[Exercise input — start]
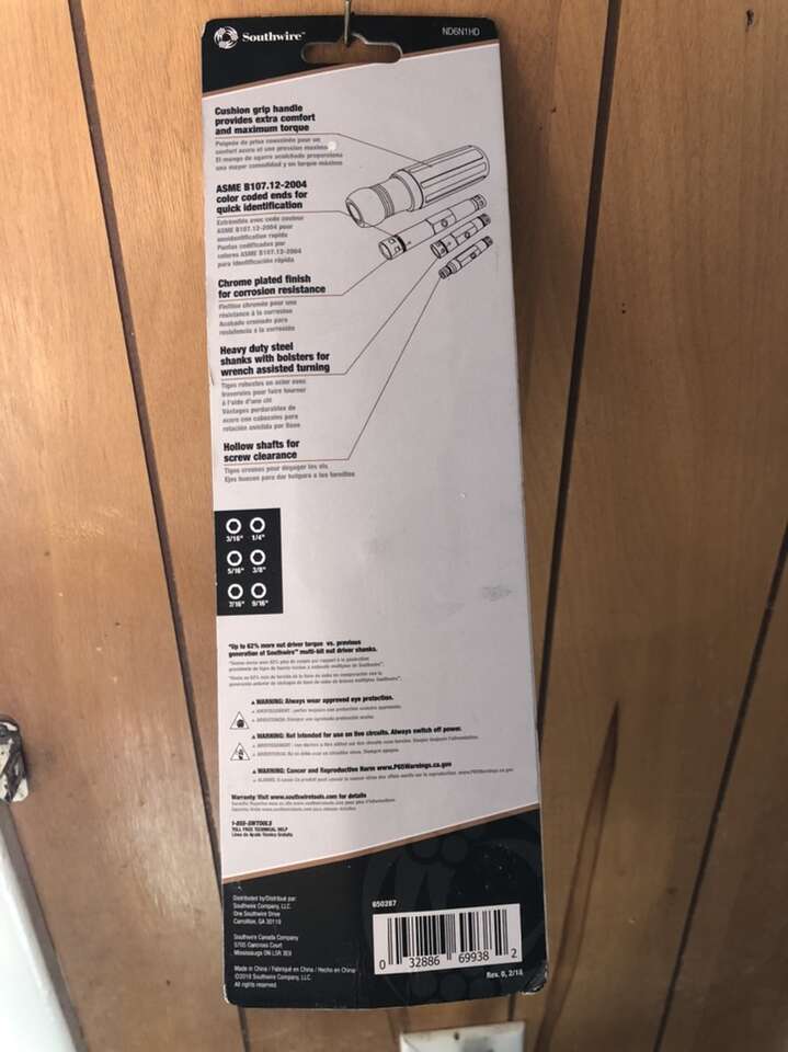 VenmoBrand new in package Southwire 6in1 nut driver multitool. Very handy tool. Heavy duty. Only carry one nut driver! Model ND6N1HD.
[Exercise input — finish]
[Exercise input — start]
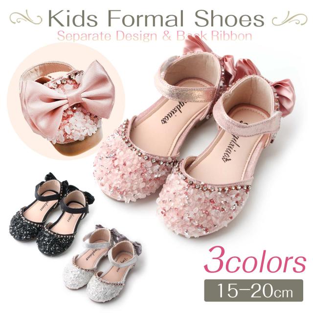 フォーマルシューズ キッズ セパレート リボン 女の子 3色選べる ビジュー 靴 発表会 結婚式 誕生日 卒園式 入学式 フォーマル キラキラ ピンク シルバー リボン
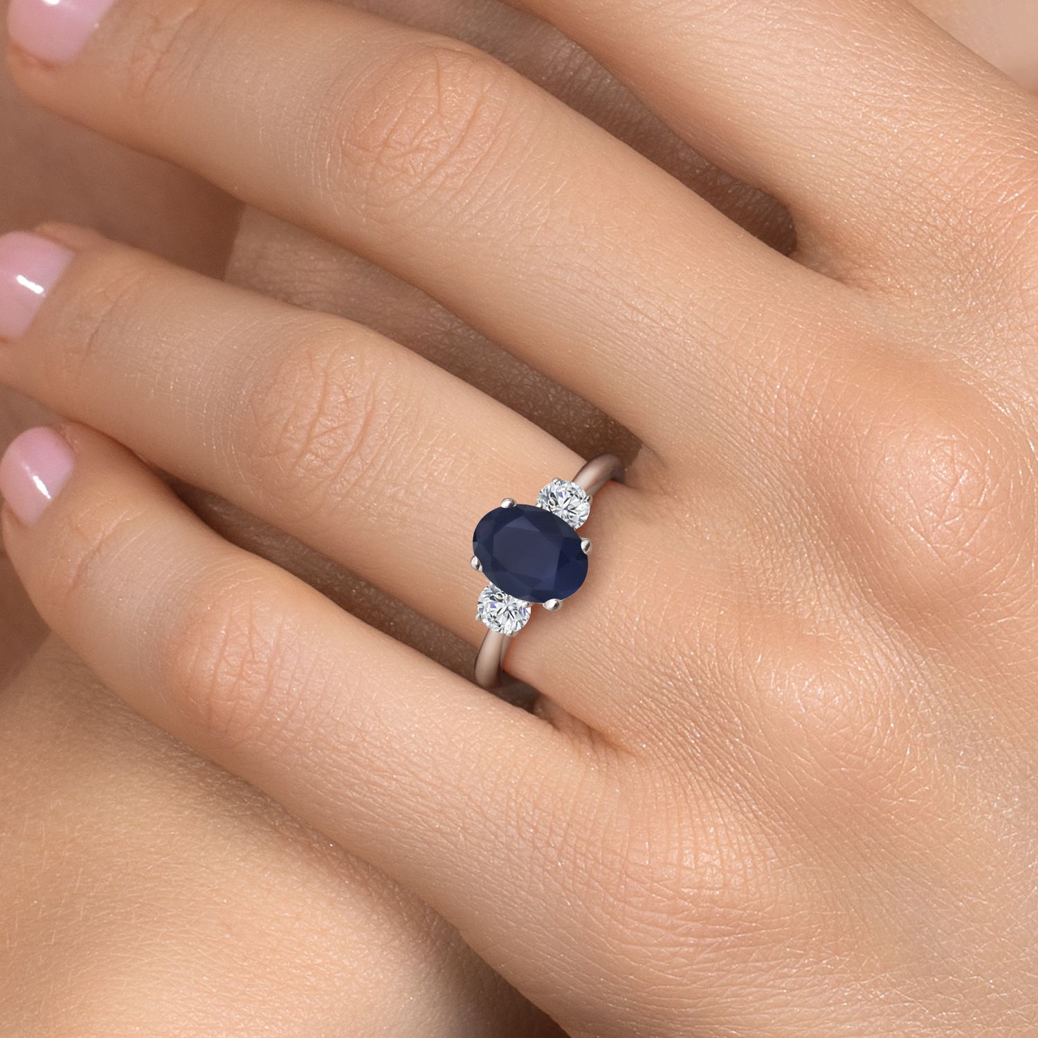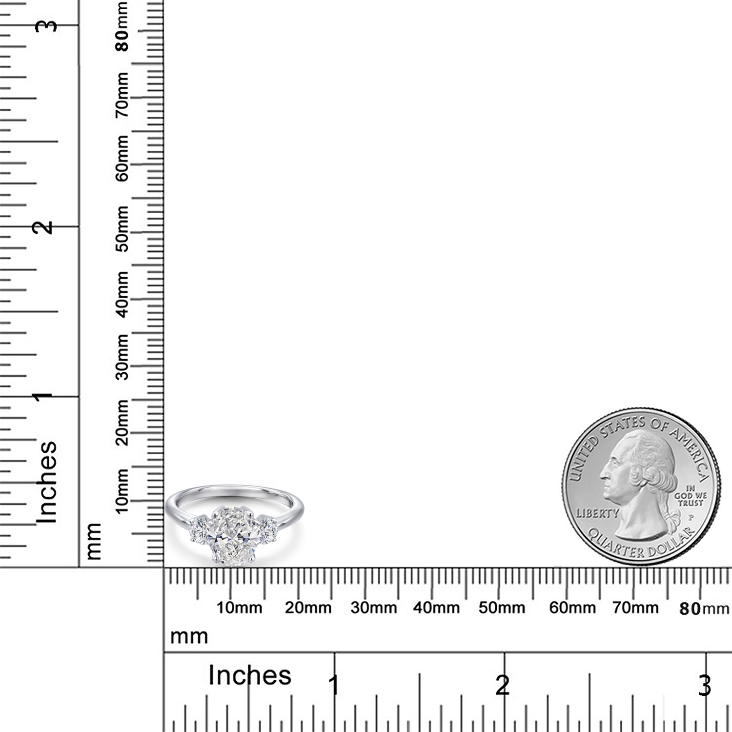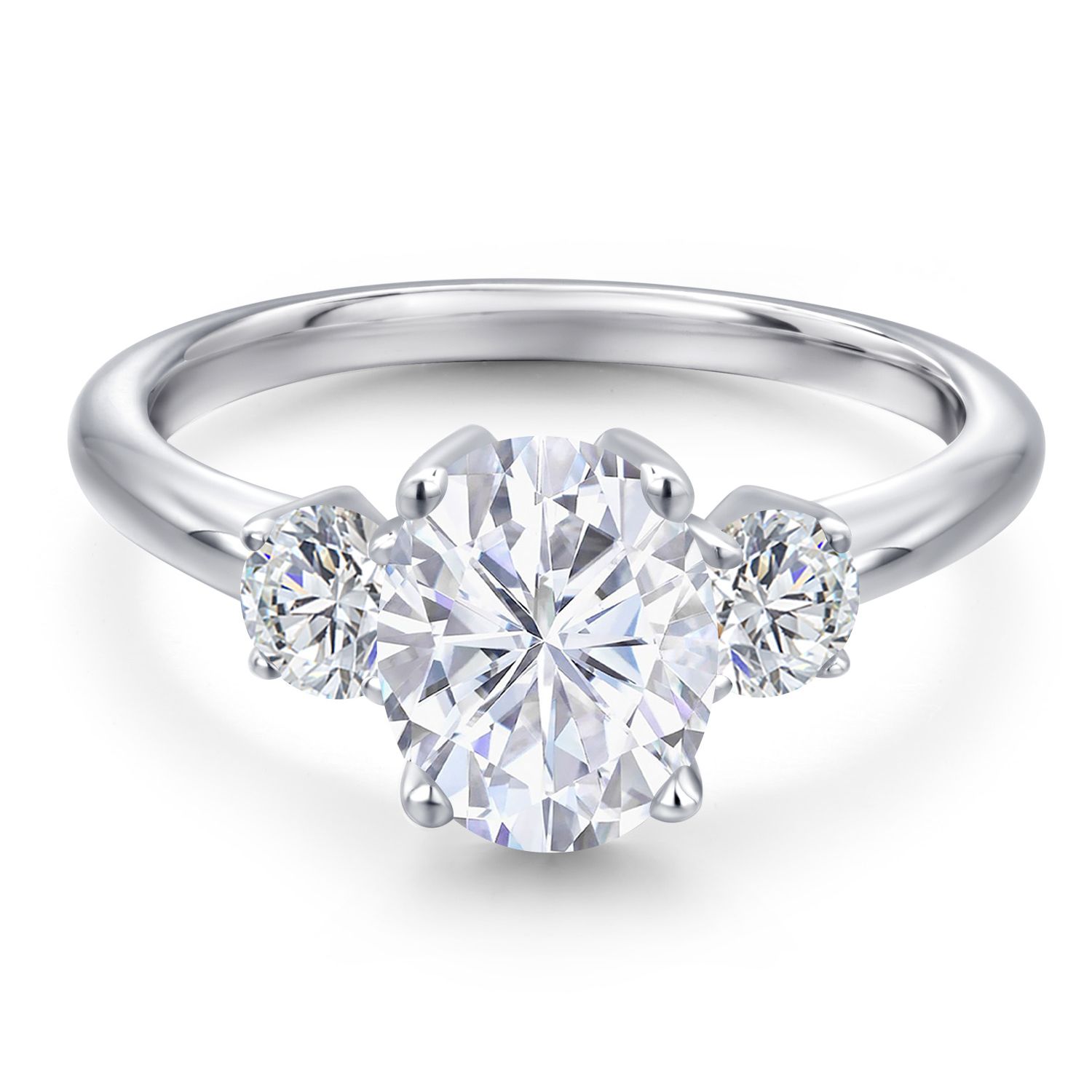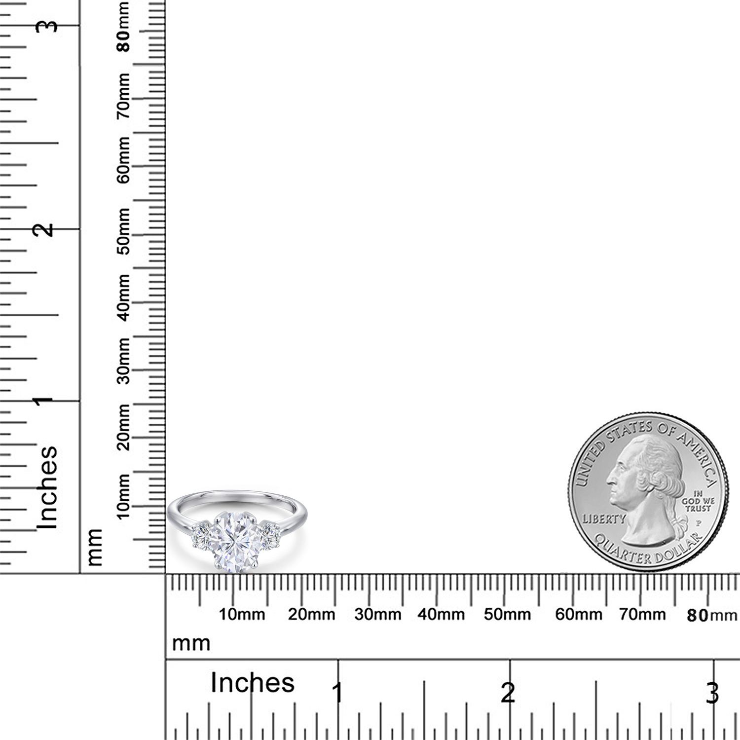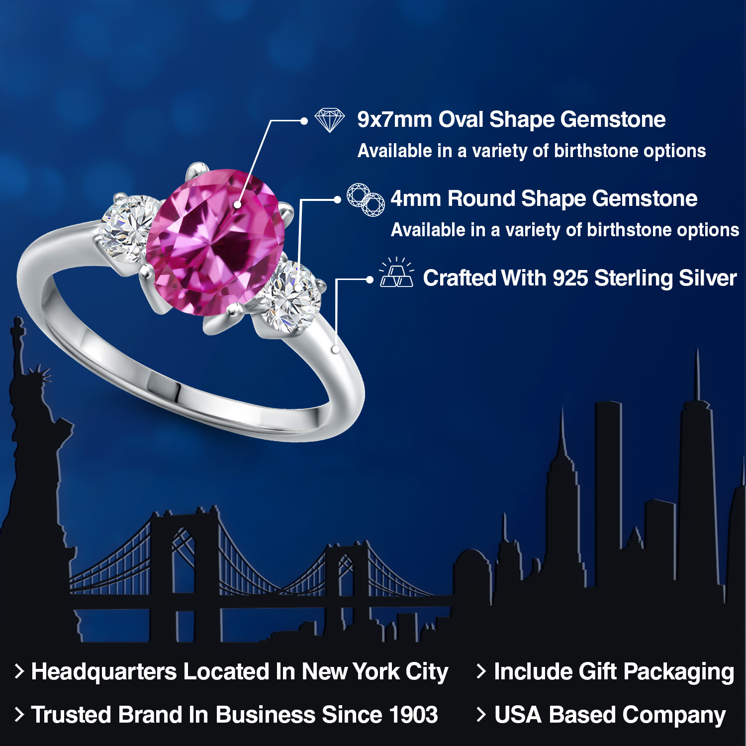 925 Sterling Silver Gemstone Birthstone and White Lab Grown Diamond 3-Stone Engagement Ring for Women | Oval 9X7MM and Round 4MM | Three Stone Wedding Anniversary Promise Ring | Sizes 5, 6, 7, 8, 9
[Exercise input — finish]
[Exercise input — start]
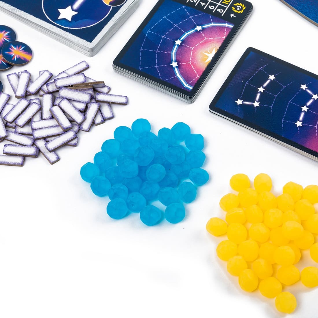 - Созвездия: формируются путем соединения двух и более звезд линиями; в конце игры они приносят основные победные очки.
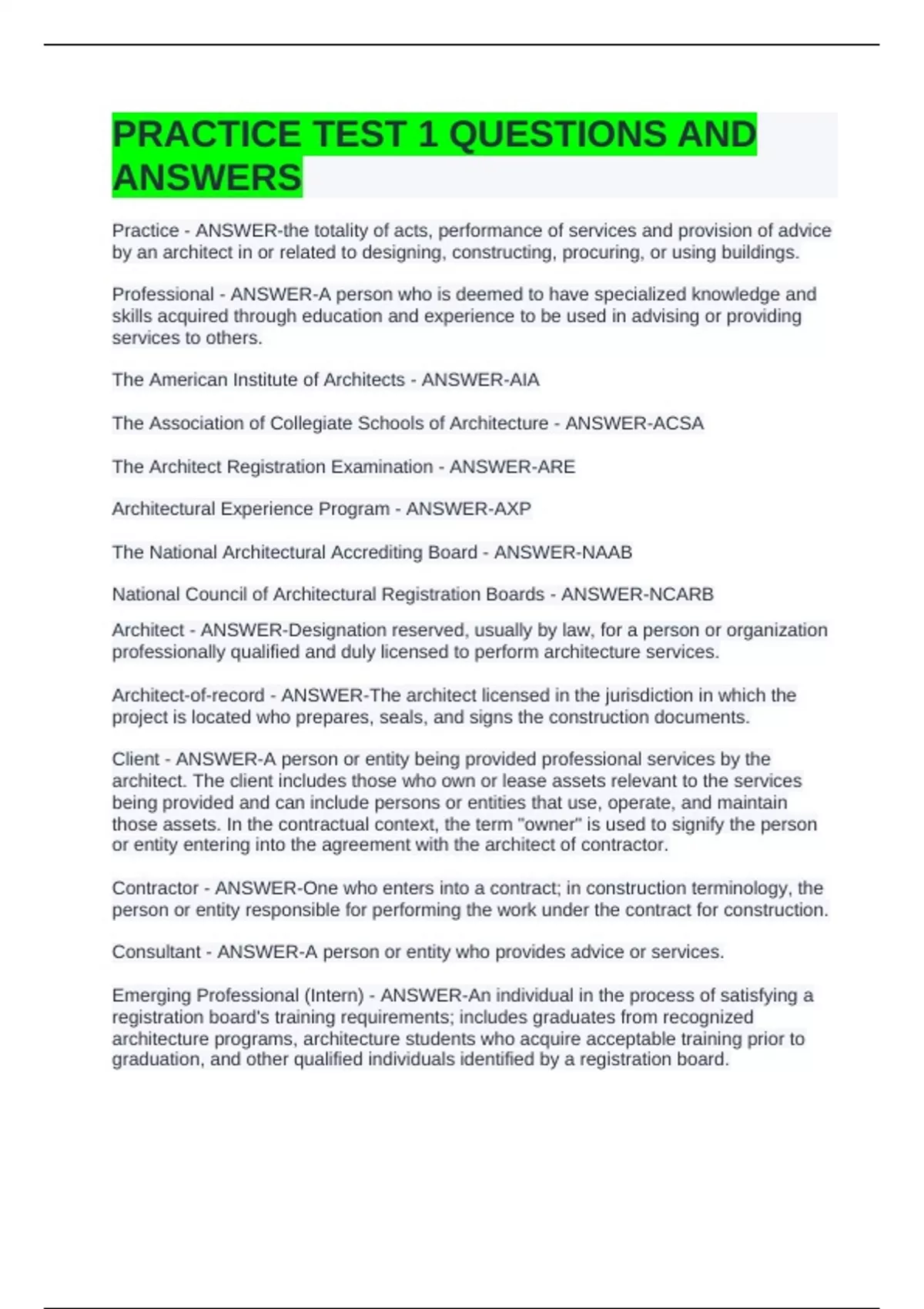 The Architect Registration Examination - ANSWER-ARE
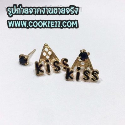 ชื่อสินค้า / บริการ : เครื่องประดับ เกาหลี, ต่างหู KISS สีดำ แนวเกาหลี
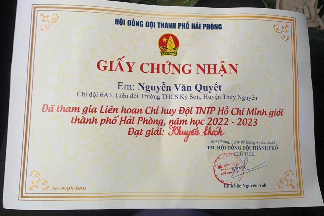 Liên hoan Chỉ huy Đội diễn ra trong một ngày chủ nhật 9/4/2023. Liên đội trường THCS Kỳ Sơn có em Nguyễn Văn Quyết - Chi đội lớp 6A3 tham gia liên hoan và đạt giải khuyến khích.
[Exercise input — finish]
→ Your instructions
From the listing above, restate verbatim the lines running from the one with "- Созвездия: формируются" through the one with "Liên hoan Chỉ", inclusive, but not the pictures.

→ Answer space
 - Созвездия: формируются путем соединения двух и более звезд линиями; в конце игры они приносят основные победные очки.
 The Architect Registration Examination - ANSWER-ARE
 ชื่อสินค้า / บริการ : เครื่องประดับ เกาหลี, ต่างหู KISS สีดำ แนวเกาหลี
 Liên hoan Chỉ huy Đội diễn ra trong một ngày chủ nhật 9/4/2023. Liên đội trường THCS Kỳ Sơn có em Nguyễn Văn Quyết - Chi đội lớp 6A3 tham gia liên hoan và đạt giải khuyến khích.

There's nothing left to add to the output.